El acuerdo sobre Gibraltar ignora deliberadamente la ampliación ilegal del Peñón mientras el Gobierno se escuda en protestas diplomáticas sin consecuencias prácticas.
El silencio del tratado beneficia a Gibraltar y expone la debilidad de la posición española
Que Eastside no aparezca en el texto del pacto supone, en la práctica, un aval indirecto a la estrategia del Peñón de modificar el terreno antes de negociar. Ningún apartado del acuerdo establece obligaciones para detener los rellenos o revertir la obra. Aceptar el marco sin resolverlo consolida las ganancias territoriales de facto.
La ausencia de compromisos concretos deja a España en una posición precaria: el discurso jurídico no frena las máquinas. La denuncia de Vox fuerza al Ejecutivo a explicar por qué permitió que un tema de esta envergadura quedase fuera de la negociación principal, precisamente cuando más necesario era fijar límites claros.
Abascal relaciona expresamente este silencio con la seguridad de Ceuta y Melilla, una línea argumental que conecta con uno de los temores históricos de la opinión pública española. En el tablero político, Vox pretende colocar al Gobierno ante una contradicción difícil de gestionar y deja expuesto al PP, que ha mantenido un perfil bajo sobre el acuerdo, a tener que definirse.

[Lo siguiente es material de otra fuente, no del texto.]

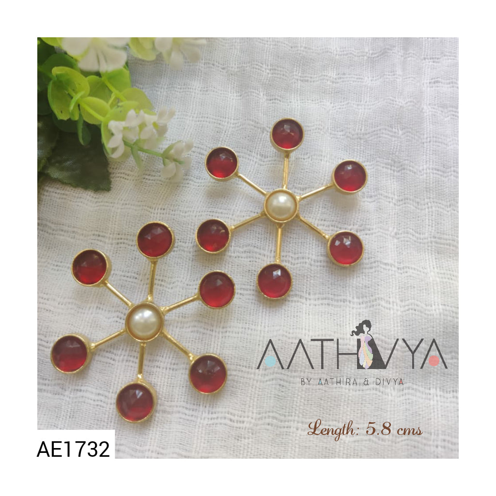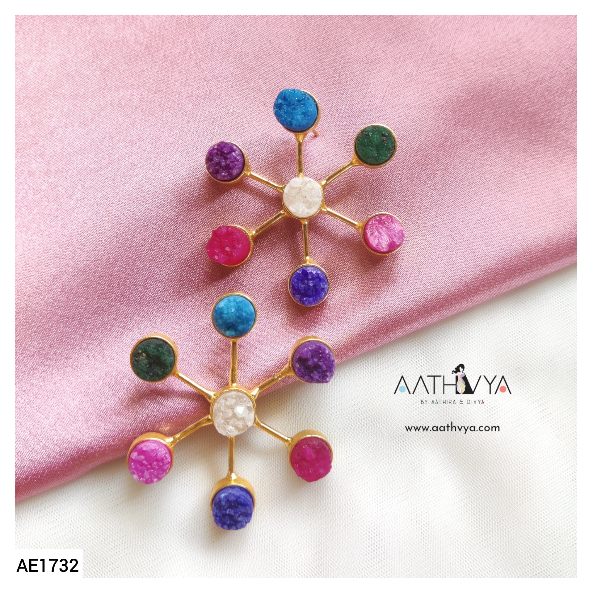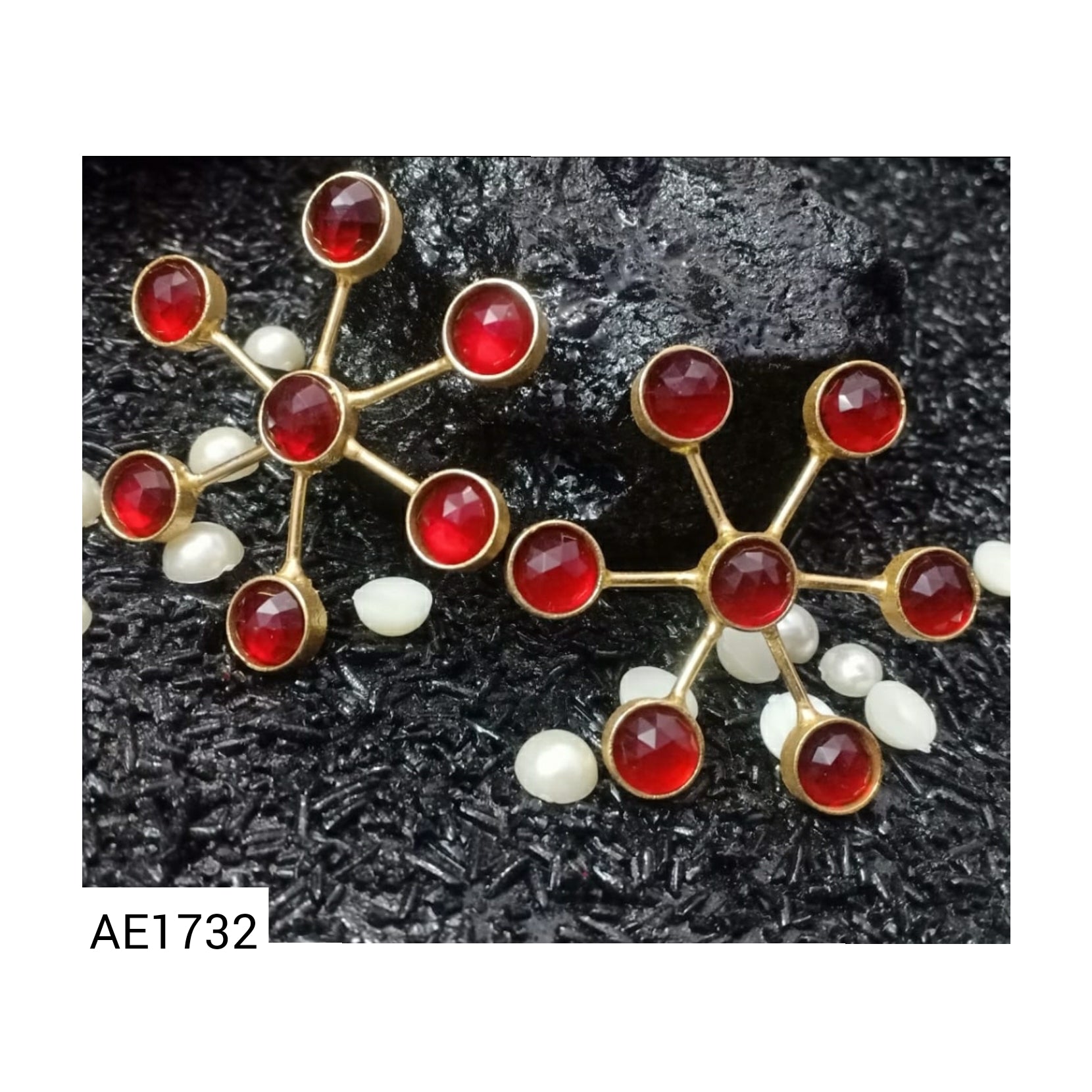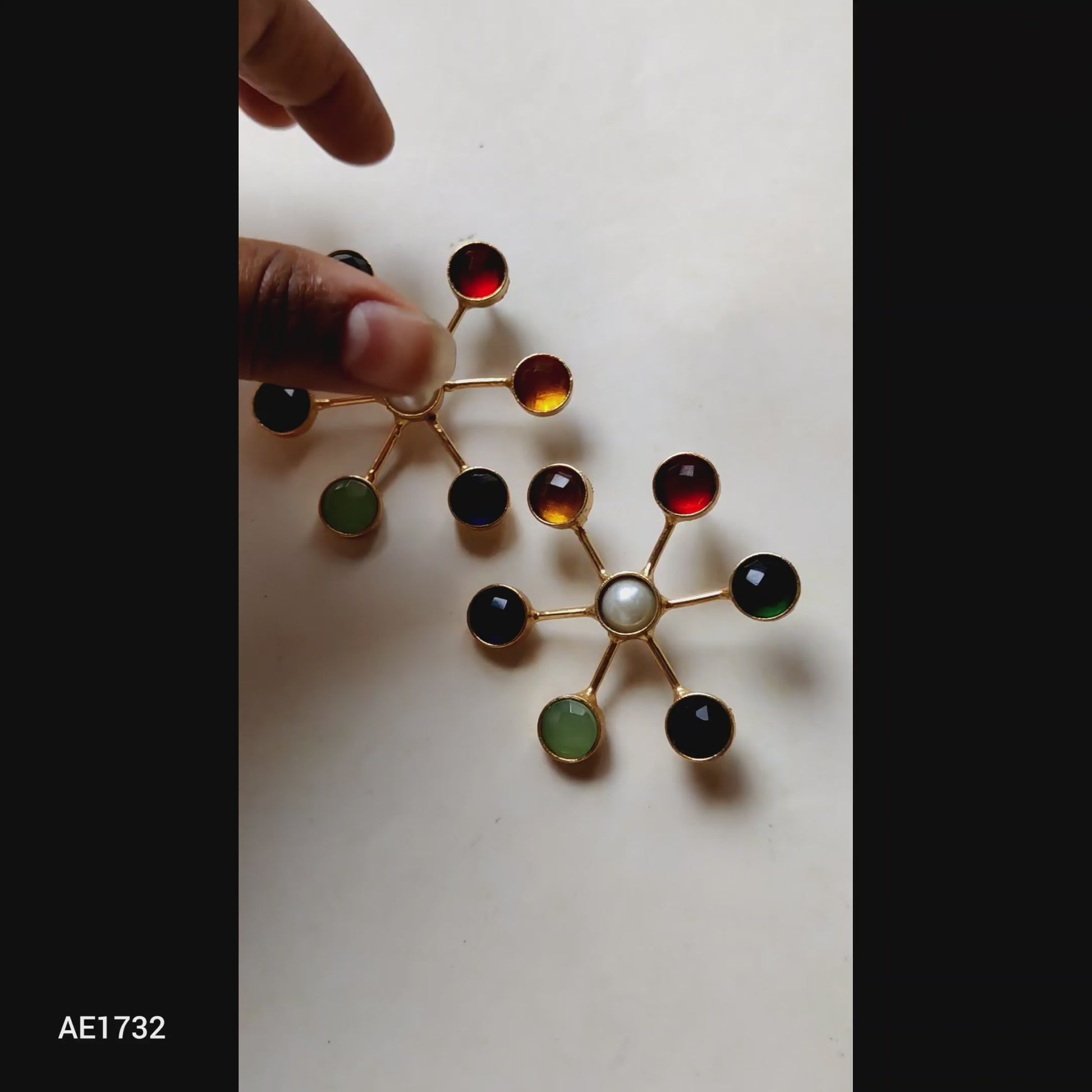 These contemporary stellar snowflake shaped earrings in brass embellished with stones are a statement piece in itself.

La estrategia de Vox: soberanía como bandera frente al Gobierno y presión al PP
Desde una perspectiva estratégica, la denuncia de Abascal no es un gesto aislado. Vox viene señalando desde hace años el abandono de las reclamaciones sobre Gibraltar y la falta de firmeza en la defensa de Ceuta y Melilla. La referencia al Eastside refuerza el perfil del partido como única fuerza política dispuesta a enfrentar la cesión de soberanía, coloca al PP en la tesitura de tener que elegir entre apoyar el silencio del Gobierno o alinearse con la denuncia, y moviliza a un electorado sensible a las cuestiones de integridad nacional.

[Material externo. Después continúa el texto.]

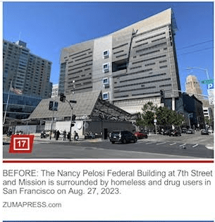 吃瓜群众说你蒙谁呢,今年八月,旧金山佩洛西政府大楼因为吸毒者流浪汉太多而让工作人员回家工作,不要来政府大楼,因为太危险(下图为ZUMAPRESS的相关报道截屏)。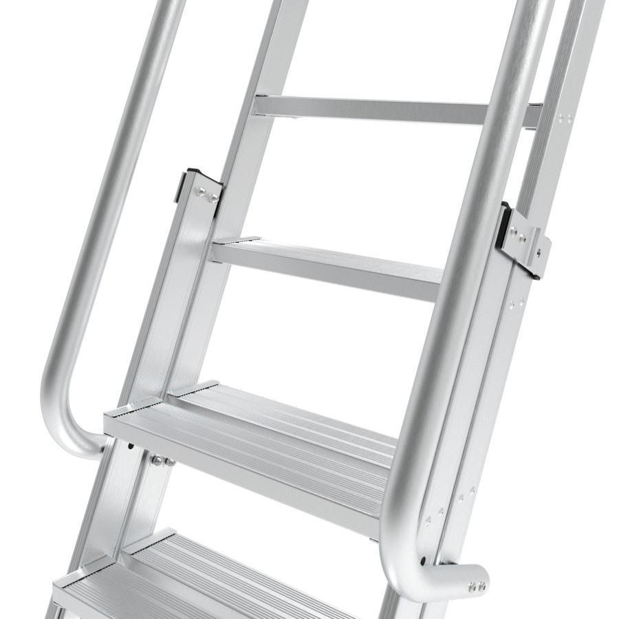 Cette échelle en aluminium permet la descente dans les fouilles allant de 1 à 4,75m. Ses marches de 80 mm, ses rampes d'accès ses patins pivotants et sa sortie frontale garantissent à l'utilisateur une parfaite sécurité. Cette échelle a été rendue en 2021 ultra pratique grâce à son système télescopique, ses pieds réglables, ses anneaux de grutage et ses roues de déplacement.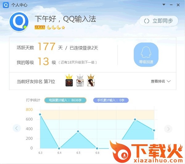 使用QQ账号登录QQ输入法,进入个人中心。您可以在个人中心内进行账户信息管理,查看自己或好友的输入法等级,查看历史输入字数等统计信息。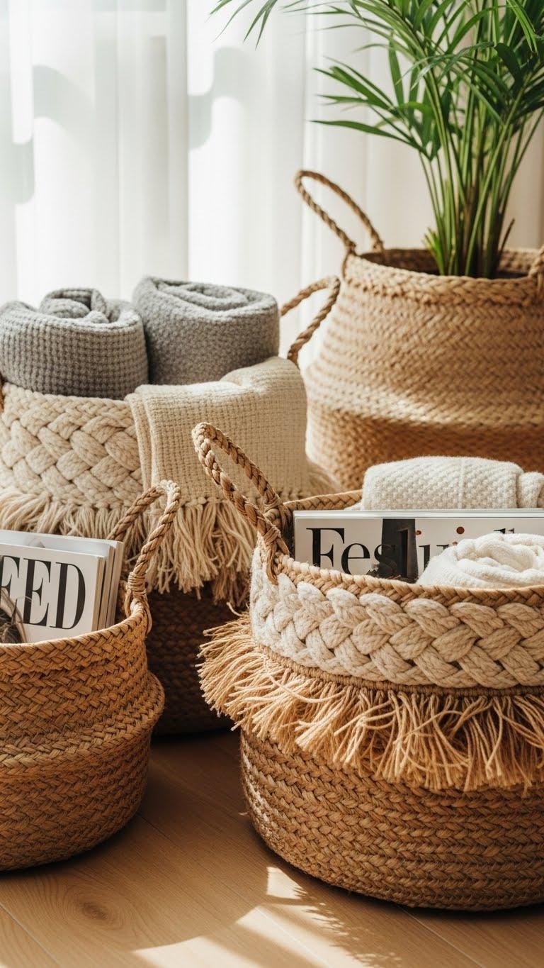 Woven jute baskets add instant tactile warmth and casual structure to a soft aesthetic—think chunky braids, frayed edges, and sun-bleached tones that feel both lived-in and curated.

El contexto electoral amplifica el impacto del mensaje. Vox quiere marcar distancias con el PP antes de que las negociaciones para futuras investiduras obliguen a cerrar acuerdos. Un asunto como Eastside permite al partido exhibir coherencia sin forzar el discurso. Además, el tratado deberá ser ratificado en los próximos meses, lo que abrirá oportunidades parlamentarias para preguntas e iniciativas que mantengan viva la denuncia. La dirección confía en que la constatación de los hechos —las grúas trabajando mientras el pacto calla— hará insostenible la defensa gubernamental.